THE PROBLEM — Reproduce exactly, and only, the lines of the material below running from the line bearing "留坝县营盘青少年足球训练基地位于秦岭深处,与群山、农田相得益彰。" through the line bearing "4. Поставьте плюс". Leave any pictures out.

DATA —
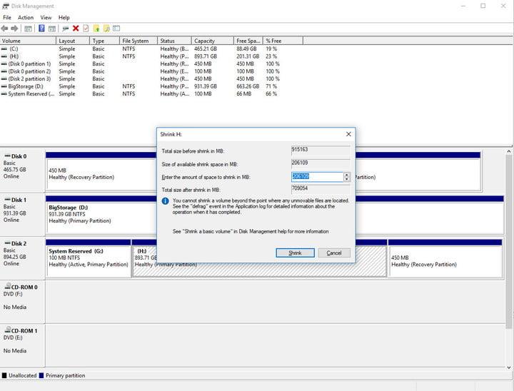 After clicking the Shrink button, your system may take a while before creating the free space.
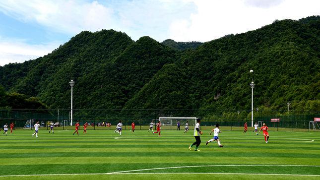 留坝县营盘青少年足球训练基地位于秦岭深处,与群山、农田相得益彰。
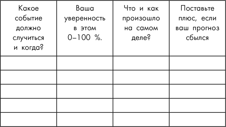 4. Поставьте плюс там, где ваш прогноз сбылся. Посмотрите, сколько наберется таких вариантов.
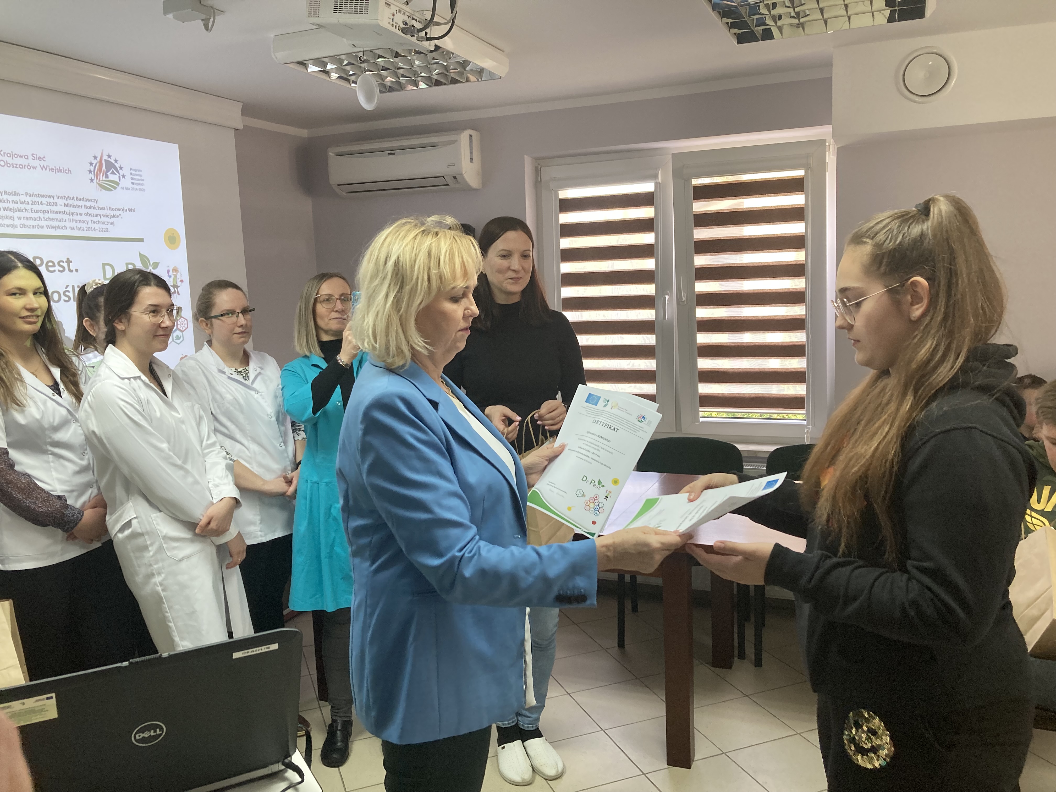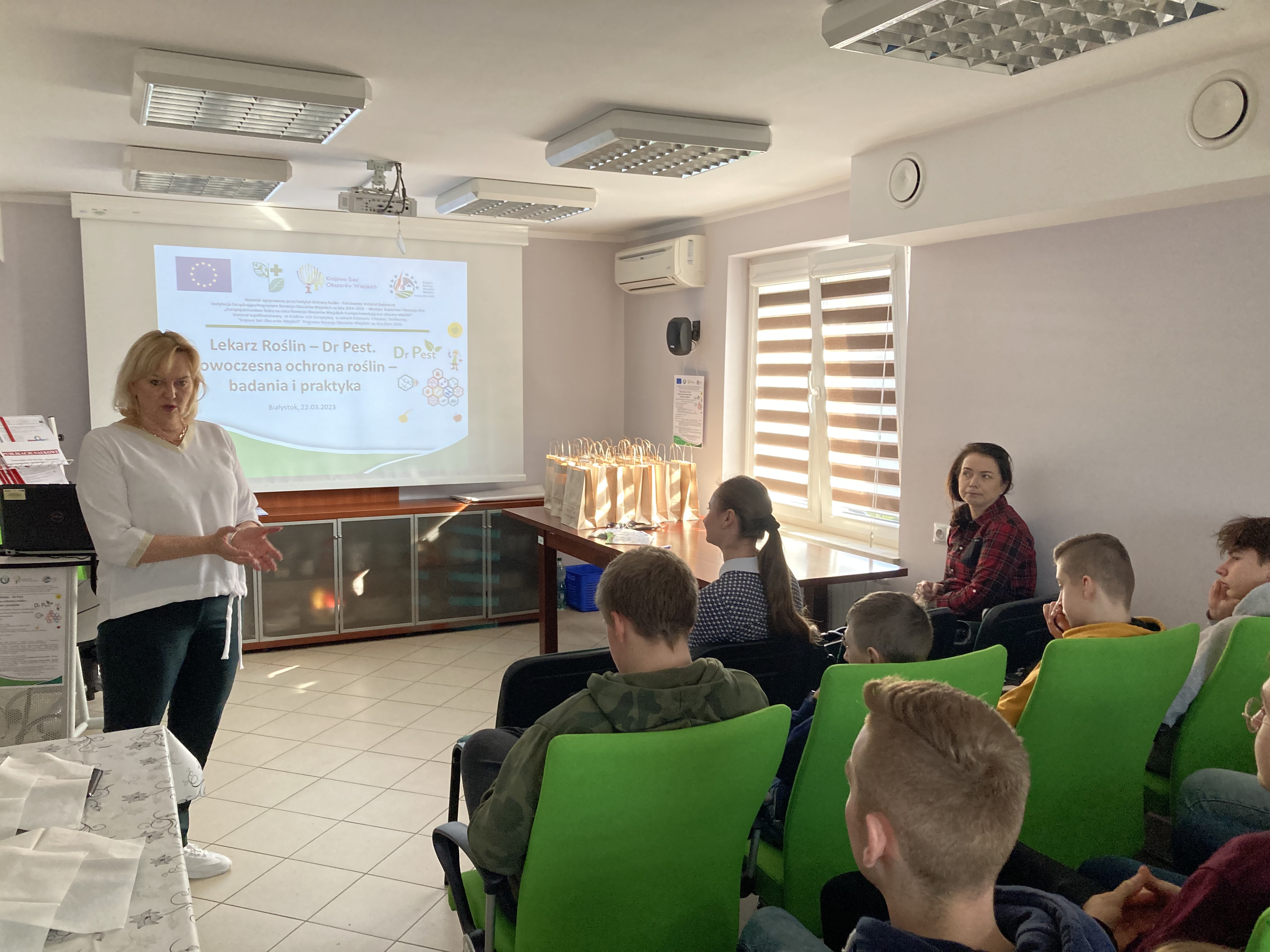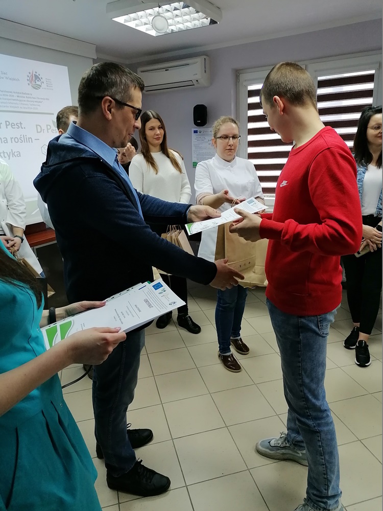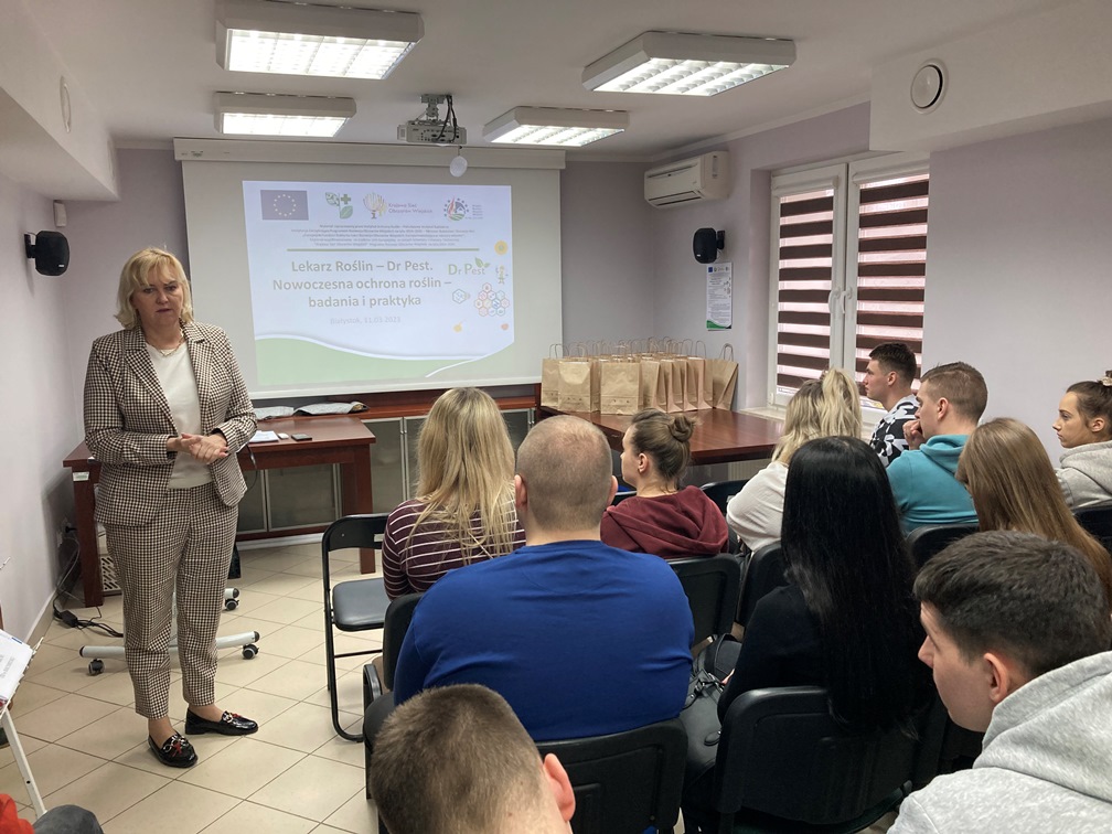 22 i 23 marca w ramach projektu KSOW pn.: „Lekarz Roślin – Dr Pest. Nowoczesna ochrona roślin – badania i praktyka” gościliśmy uczniów z Zespołu Szkół Centrum Kształcenia Rolniczego im. Krzysztofa Kluka w Rudce oraz z Zespołu Szkół nr 1 w Białej Piskiej. Grupy powitała prof. dr hab. Bożena Łozowicka, koordynator projektu. W trakcie szkolenia młodzież pogłębiła wiedzę z zakresu nowoczesnej ochrony roślin, bezpiecznego stosowania pestycydów, bezpieczeństwa żywności i zagrożeń pszczół zawartej w broszurce edukacyjno-informacyjnej w formie pigułki „Kompendium Lekarz Roślin – Dr Pest”.

THE COMPLETED TASK —
 留坝县营盘青少年足球训练基地位于秦岭深处,与群山、农田相得益彰。
 4. Поставьте плюс там, где ваш прогноз сбылся. Посмотрите, сколько наберется таких вариантов.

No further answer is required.